Using the material that follows, output exactly the lines from the one containing "Direct aan het" through the one containing "A equipe do", with both ends kept.

START INPUT DATA

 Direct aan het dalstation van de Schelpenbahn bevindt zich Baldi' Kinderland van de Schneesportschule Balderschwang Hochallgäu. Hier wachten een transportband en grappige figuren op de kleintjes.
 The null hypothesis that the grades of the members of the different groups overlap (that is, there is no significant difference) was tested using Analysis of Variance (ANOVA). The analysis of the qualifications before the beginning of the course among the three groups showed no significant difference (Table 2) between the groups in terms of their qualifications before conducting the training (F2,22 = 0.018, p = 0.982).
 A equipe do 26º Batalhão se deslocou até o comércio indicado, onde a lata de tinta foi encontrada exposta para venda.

END INPUT DATA
START INPUT DATA

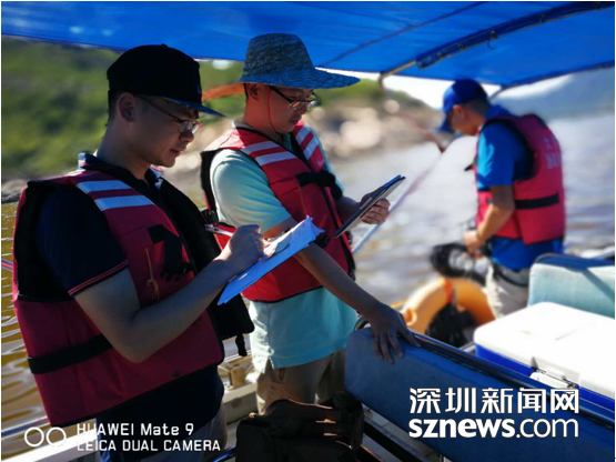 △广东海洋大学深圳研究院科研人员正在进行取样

END INPUT DATA

* **WRITTEN RESPONSE**:
 Direct aan het dalstation van de Schelpenbahn bevindt zich Baldi' Kinderland van de Schneesportschule Balderschwang Hochallgäu. Hier wachten een transportband en grappige figuren op de kleintjes.
 The null hypothesis that the grades of the members of the different groups overlap (that is, there is no significant difference) was tested using Analysis of Variance (ANOVA). The analysis of the qualifications before the beginning of the course among the three groups showed no significant difference (Table 2) between the groups in terms of their qualifications before conducting the training (F2,22 = 0.018, p = 0.982).
 A equipe do 26º Batalhão se deslocou até o comércio indicado, onde a lata de tinta foi encontrada exposta para venda.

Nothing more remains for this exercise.